»Puede que en Marte seáis corpóreos y vulnerables, y que por lo tanto tengáis miedo de nuestra raza; temáis que intentemos conquistaos, ya sea pronto o dentro de muchos siglos. O sencillamente os disgustamos, sobre todo porque nuestros programaos de radio no os hayan complacido, y no queráis nuestra compañía en vuestro planeta.
»Si una de estas razones básicas es la verdadera, y yo creo firmemente que una de ellas lo es, sabéis que el decirnos que nos portáramos bien o que no nos acercásemos a Marte sólo serviría para que hiciéramos lo contrario, en vez de aceptar vuestra sugerencia. Queríais que nosotros lo comprendiéramos por nosotros mismos y que voluntariamente hiciéramos lo que deseáis.
»¿Es tan importante que sepamos o adivinemos cual de estos dos propósitos básicos es el verdadero?
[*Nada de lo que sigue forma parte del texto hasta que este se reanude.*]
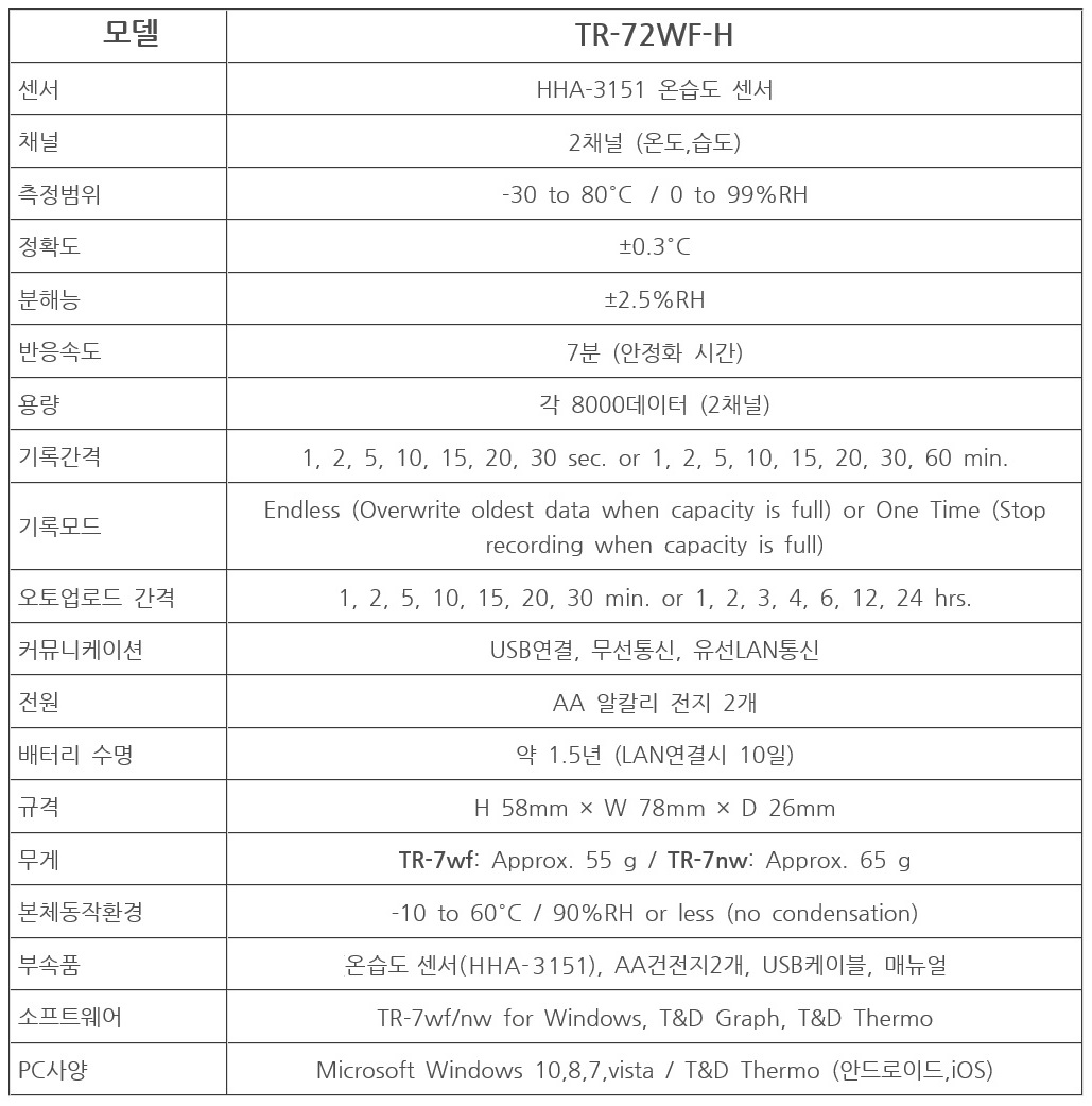 TR-72WF-H ¸ðµ¨Àº2ä³Î °íÁ¤¹Ð ¹«¼± ¿Âµµ,½Àµµ µ¥ÀÌÅͷΰŷνá, ¿Â½Àµµ µ¥ÀÌÅ͸¦ ¹«¼±LAN (TR-72NW-H ¸ðµ¨Àº À¯¼± LAN), ¾ÛÀ»ÅëÇÑ ¸ð¹ÙÀÏ Á¢¼Ó, USB¿¬°á µîÀÇ ±â´ÉÀ» ÅëÇØ ¿Âµµ¸¦ ±â·Ï, ÀúÀå ÇÒ ¼ö ÀÖ½À´Ï´Ù.

Sea como fuere, ahora os demostraré que ya lo habéis conseguido.
»Hablo, y lo voy a demostrar, en nombre de todos los pueblos de la Tierra.
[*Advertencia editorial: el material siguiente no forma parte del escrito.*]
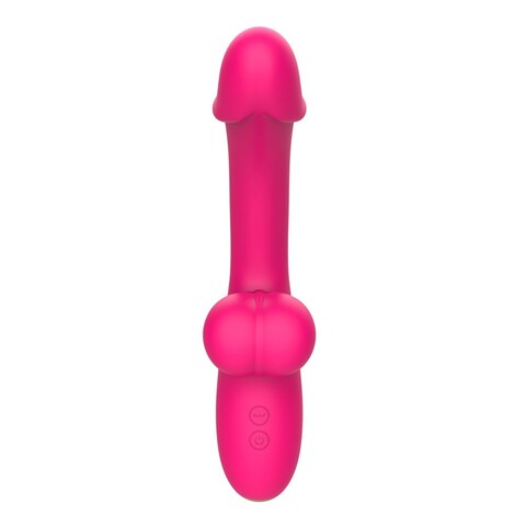 Розовый изогнутый вибромассажёр с имитацией мошонки. 10 режимов вибрации. Рабочая длина - 11 см.

»Solemnemente juramos que hemos terminado para siempre nuestras luchas fraticidas. Juramos que nunca, nunca, enviaremos una sola nave espacial a vuestro planeta, a menos que algún día nos invitéis a ello, y creo que aun entonces nos costará aceptar esa invitación.
Ishurti concluyó solemnemente:
—Y ahora, la prueba: pueblos de la Tierra, ¿estáis a mi lado en estos dos juramentos? Si lo estáis, demostradlo ahora, allí donde os encontréis, ¡afirmándolo con vuestra más potente voz! Pero, a fin de que vuestros traductores puedan llegar a este punto de mi discurso, os ruego que esperéis, hasta que os dé la señal diciendo... ¡Ahora!
—¡YES!
—¡SÍ!
—¡OUI!
—¡DAH!
—¡HAY!
—¡JA!
—¡SIM!
—¡JES!
—¡NAM!
—¡SHI!
—¡LAH!
Y miles de otros vocablos significando «sí» salieron simultáneamente de la garganta y del corazón de todos los seres humanos que escuchaban la emisión. Ni un solo «no» entre todas aquellas voces.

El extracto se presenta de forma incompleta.